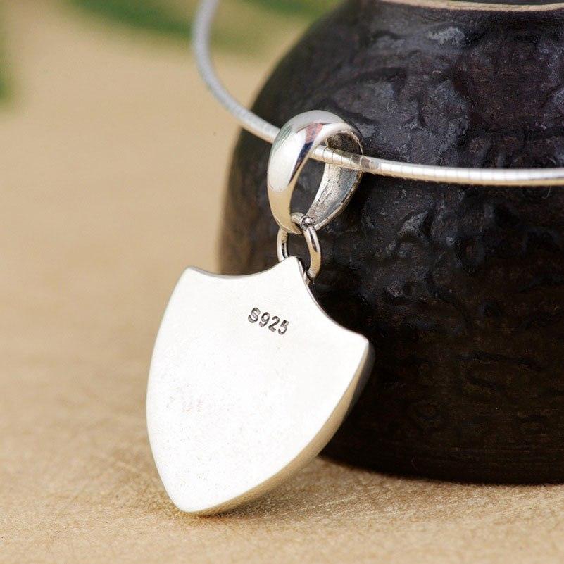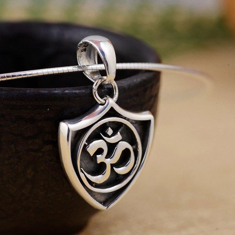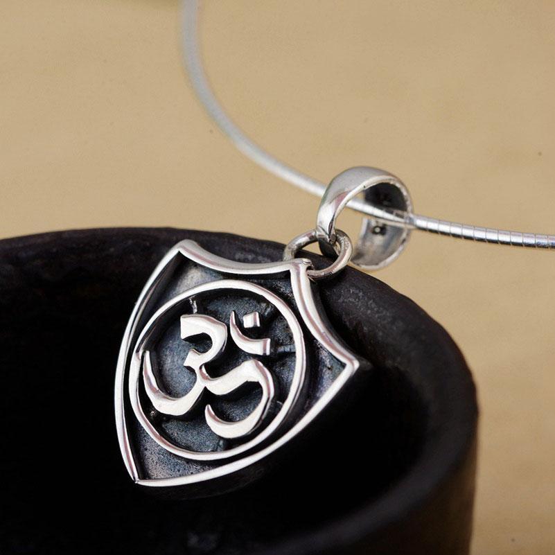 Exquisitely crafted to form one of the most well known symbols in the world, the Om symbol is inside a perfect circle resting inside a three pointed shield. This beautiful piece is made with the finest 925 Sterling Silver.
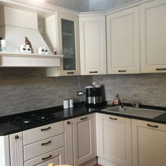 L’immobile è composto da ingresso con corridoio, 4 camere di cui 2 matrimoniali e 2 medie, salone doppio, cucina abitabile che dà accesso al balcone, 2 ripostigli e bagno con finestra non molto grande ma essenziale e funzionale.
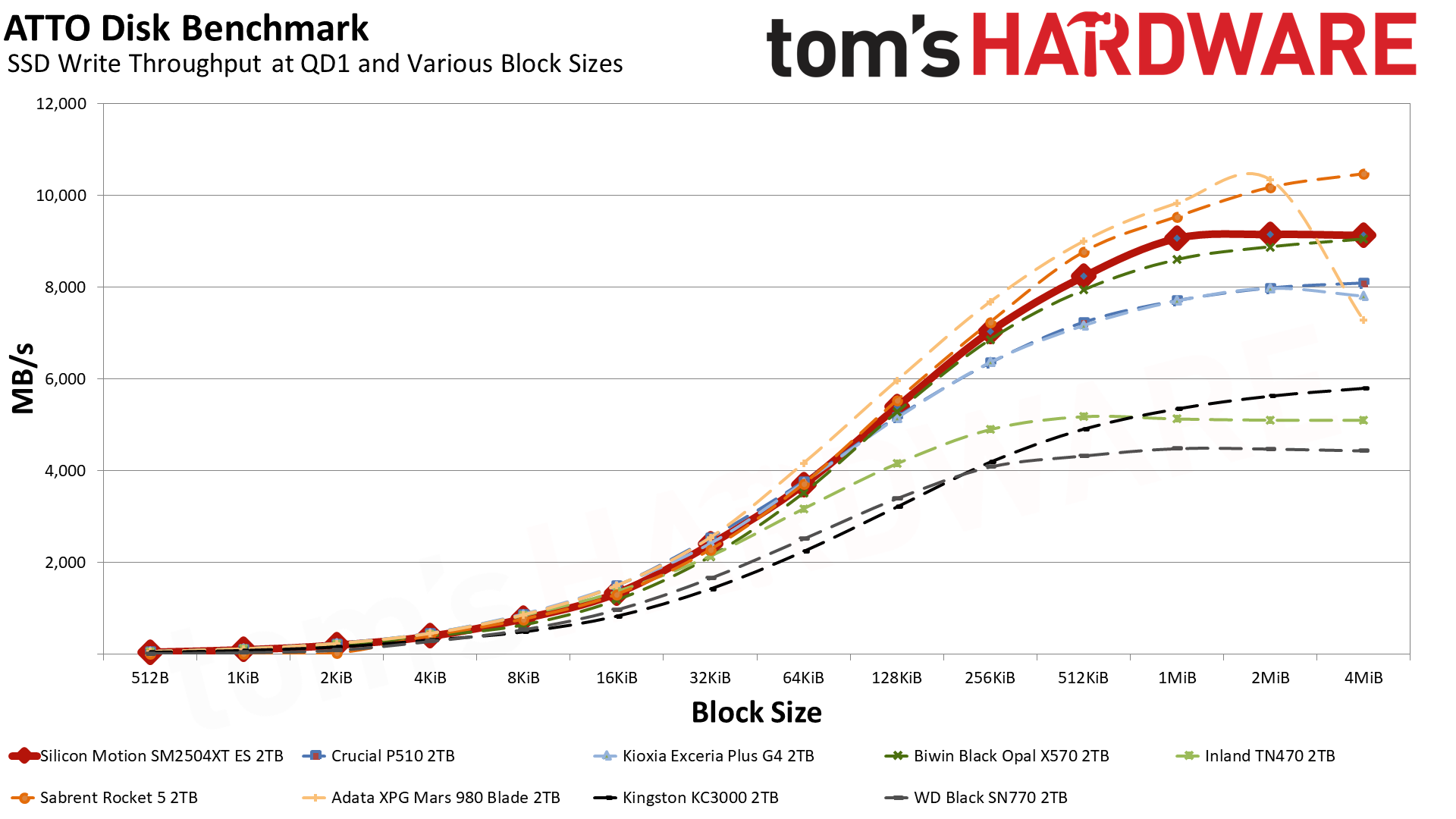 SM2504XT ES снова занимает первое место в своей группе, хотя на этот раз конкуренты подобрались ближе. Sabrent Rocket 5 по-прежнему значительно опережает его, и мы видим, что Adata Legend 980 Blade также находится на близком расстоянии. Последний использует контроллер SMI SM2508 с DRAM и 232-слойной памятью Micron TLC (более старая технология). Технологии контроллеров схожи, что может дать подсказку о типе используемой памяти.
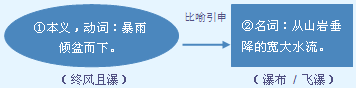 名瀑布。飞瀑用法说明㊀不读 pú。㊁右下不要误写作“水”。另见bào。
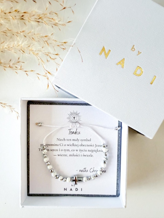 Delikatna bransoletka komunijna wykonana ręcznie z naturalnych kamieni. Symboliczna pamiątka Pierwszej Komunii Świętej jak i Bierzmowania z możliwością personalizacji dedykacji.
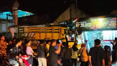 Lumajang, tvOnenews.com - Diduga alami rem blong, sebuah truk berwarna kuning dengan Nopol N 8260 YG, yang dikemudikan oleh Sukron menabrak toko kelontong di pinggir Jalan Raya Senduro, Kecamatan Senduro, Kabupaten Lumajang, Senin malam (7/10) pukul 18.52 WIB.
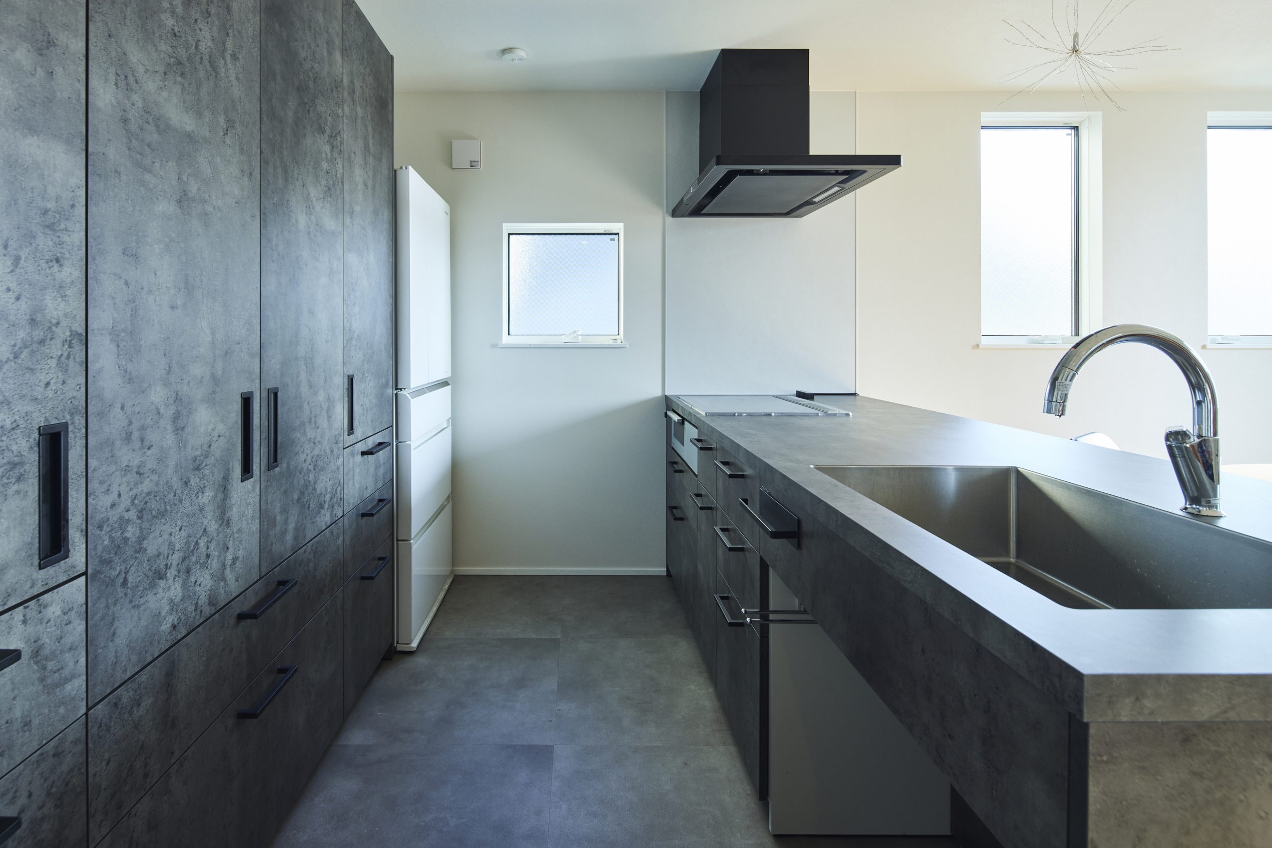 グラフテクトのペニンシュラキッチンはモルタル調のべトングレーでシックな佇まいが目を引きます。
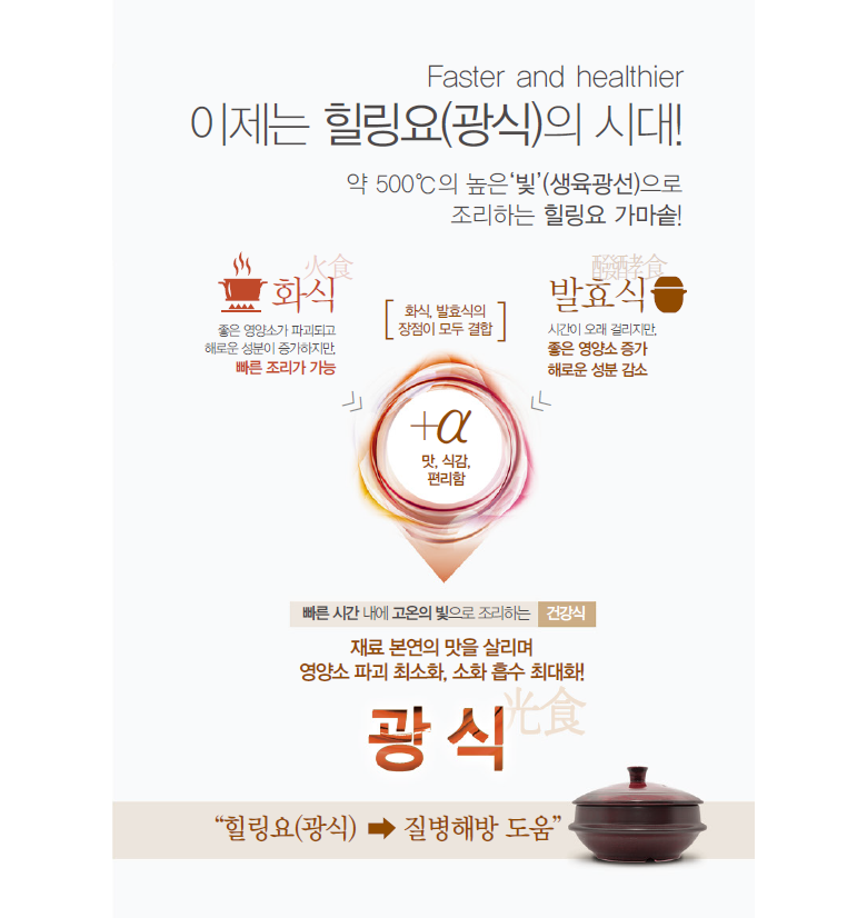 HEALINGYO utilizes light (far-infrared) cooking. A ferromagnetic heating element absorbs microwaves, generating magnetic resonance and converting it into far-infrared energy to cook food.
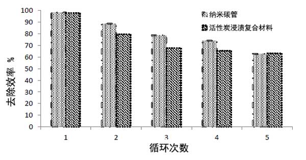 活性炭復合材料的再生具有經(jīng)濟重要性。該實驗涉及許多吸附-解吸循環(huán),以估計重復脫色對納米材料吸附效率的影響。發(fā)現(xiàn)納米碳管和活性炭浸漬材料對活性紅的去除效率略有變化,如圖3所示。數(shù)據(jù)顯示原始納米碳管和活性炭浸漬材料存在差異與不同初始活性紅染料濃度下重復使用的納米化合物相比。活性紅的吸收程度在第一個循環(huán)后達到98.18%,然后在五輪納米碳管后降低到62.72%,而對于活性炭浸漬材料,第一個循環(huán)去除效率為97.72%,在第一個循環(huán)后,在五輪后降低到63.18%,表明其再生有效性,如圖3所示。因此,可以得出結(jié)論,納米碳管和活性炭浸漬材料的吸附過程會受到延長重復使用周期的影響,而不會損失大量染料吸附能力。因此,兩種納米化合物被多次用于從水性階段去除活性紅染料。因此,這表明它們可以多次使用,證明了它們的經(jīng)濟可行性。
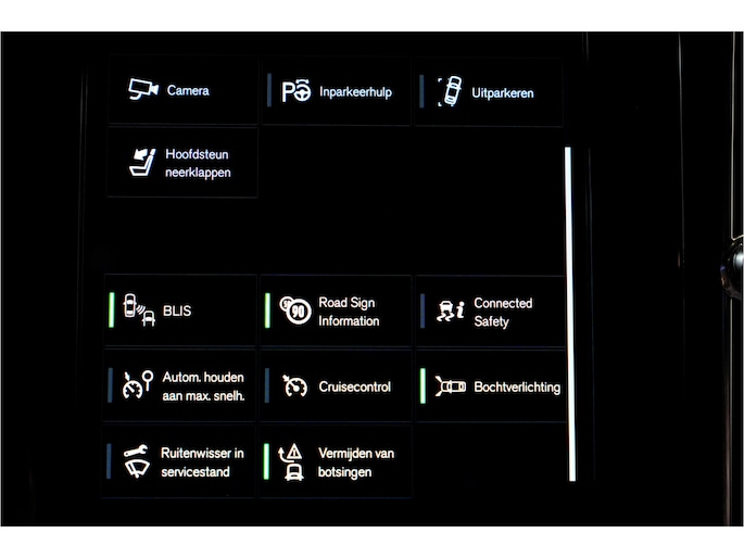 De geavanceerde technologie in deze Volvo is in staat om onderweg het verkeer om u heen te monitoren en er op te reageren. Zo hebt u als het ware een automatische co-piloot aan boord. U rijdt ook veiliger omdat deze auto voor u de verkeersborden langs de weg kan lezen. De belangrijkste borden worden op uw instrumentarium geprojecteerd, zodat u ze niet kunt missen. Keep your lane? Het Lane-keeping systeem zorgt er automatisch voor. Rijdt een ander voertuig in uw dode hoek dan waarschuwt het systeem met een signaal. Bovenop deze veiligheidsfeatures heeft deze Volvo bovendien City Safety System, forward collision warning system, hill hold functie, brake assist, vermoeidheidsherkenning en bandenspanningcontrolesysteem.

####

▶ [WHAT TO PRODUCE]: Restate word for word the lines of the data above that begin at the line with "L’immobile è composto" and end at the line with "Delikatna bransoletka komunijna", keeping both ends and dropping every picture.

▶ [WRITTEN RESPONSE]:
 L’immobile è composto da ingresso con corridoio, 4 camere di cui 2 matrimoniali e 2 medie, salone doppio, cucina abitabile che dà accesso al balcone, 2 ripostigli e bagno con finestra non molto grande ma essenziale e funzionale.
 SM2504XT ES снова занимает первое место в своей группе, хотя на этот раз конкуренты подобрались ближе. Sabrent Rocket 5 по-прежнему значительно опережает его, и мы видим, что Adata Legend 980 Blade также находится на близком расстоянии. Последний использует контроллер SMI SM2508 с DRAM и 232-слойной памятью Micron TLC (более старая технология). Технологии контроллеров схожи, что может дать подсказку о типе используемой памяти.
 名瀑布。飞瀑用法说明㊀不读 pú。㊁右下不要误写作“水”。另见bào。
 Delikatna bransoletka komunijna wykonana ręcznie z naturalnych kamieni. Symboliczna pamiątka Pierwszej Komunii Świętej jak i Bierzmowania z możliwością personalizacji dedykacji.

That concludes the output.